As Lee watched him, he noticed that Vingh’s right leg was covered with blood, his fatigue pant ripped at the thigh, but it didn’t seem to slow the man down as he strained against the vehicle. The ATV frame began slowly rocking in rhythm, and finally Vingh rammed into it with his shoulder and the little rover toppled over with a high- pitched metallic creak. Lee pulled his legs into a fetal position and let the ATV’s roll cage pass over him, the vehicle coming to a rest on its side with a rattling crash.
“Thanks, Raj,” Lee moaned, rolling gingerly to his feet. He felt a little dizzy and his head throbbed with every heartbeat, but at least he was alive. “Are you okay?”
“I’ll live,” Vingh told him—and as he did, Lee finally noticed how quiet it was.
No rattle of gunfire, no explosions, not even the rumble of engine turbines. He looked across the field and saw to his surprise that they were alone. The burning hulks of the hodgepodge of vehicles the strike force had assembled littered the plain like little roadmarks leading to the control center. At their head, toppled apocalyptically, was the remains of one of the Protectorate Hoppers, one of its legs a twisted ruin, its biomech driver hanging limply from the shattered cockpit.

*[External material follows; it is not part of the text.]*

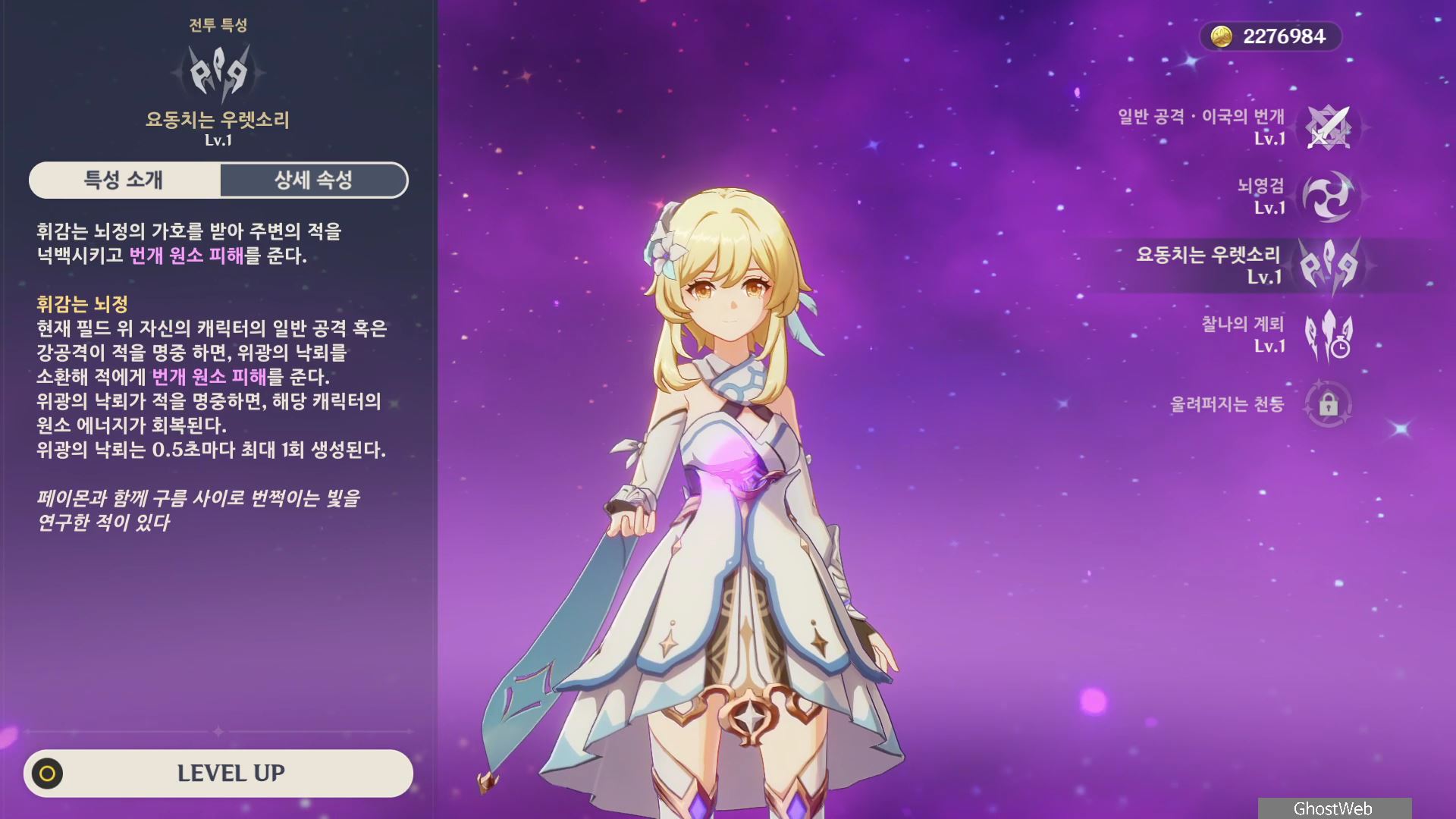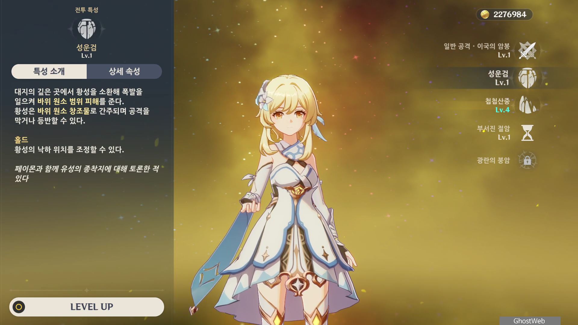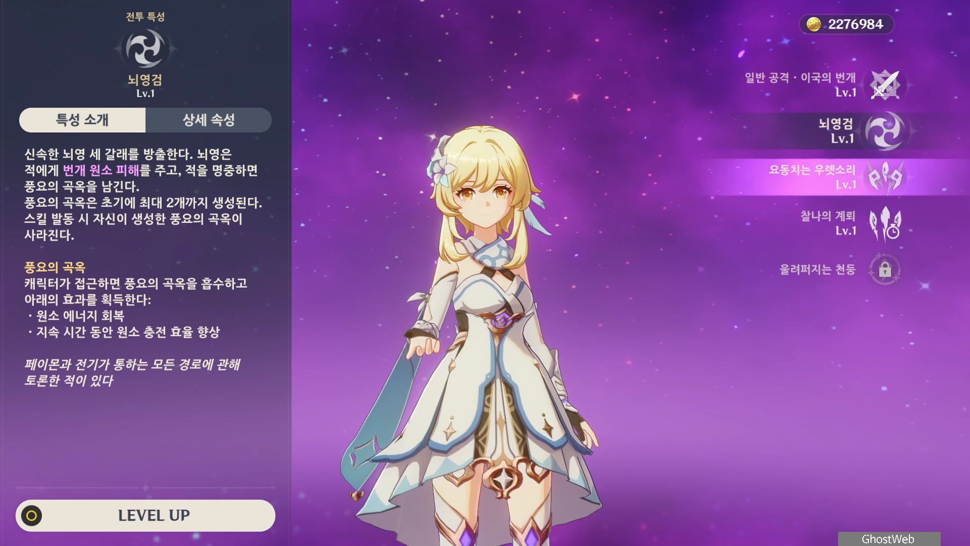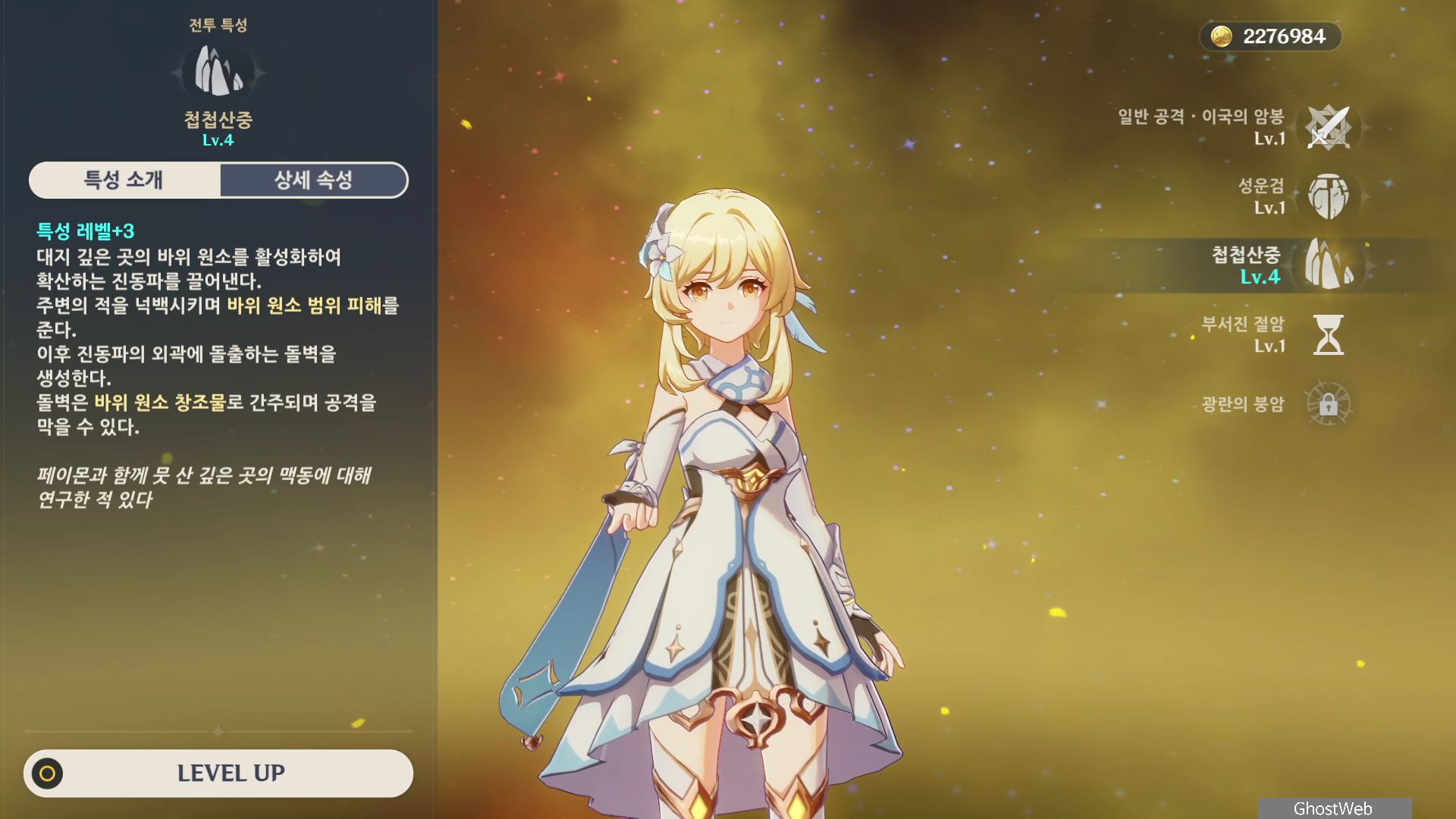각 원소 별로 여행자의 원소 전투 스킬, 특성 레벨이 독립적이니 각각 별도로 육성해야돼요.

The control center itself loomed only a hundred meters in front of them, the transmission antennae it guarded now scorched wreckage from multiple missile hits, and around its walls were scattered lumps that could have been bodies. But there was not another living soul to be seen on the field of battle.
“Where is everybody?” Lee blurted, taking a tentative step toward the control center.
“Far as I can tell, ” Vingh declared wearily, “they’re all dead. Nothing’s moved since I came to.”
“They can’t all be dead,” Johnny said, shaking his head. He waved at the entrance to the base. “If anyone made it, they’d be inside.”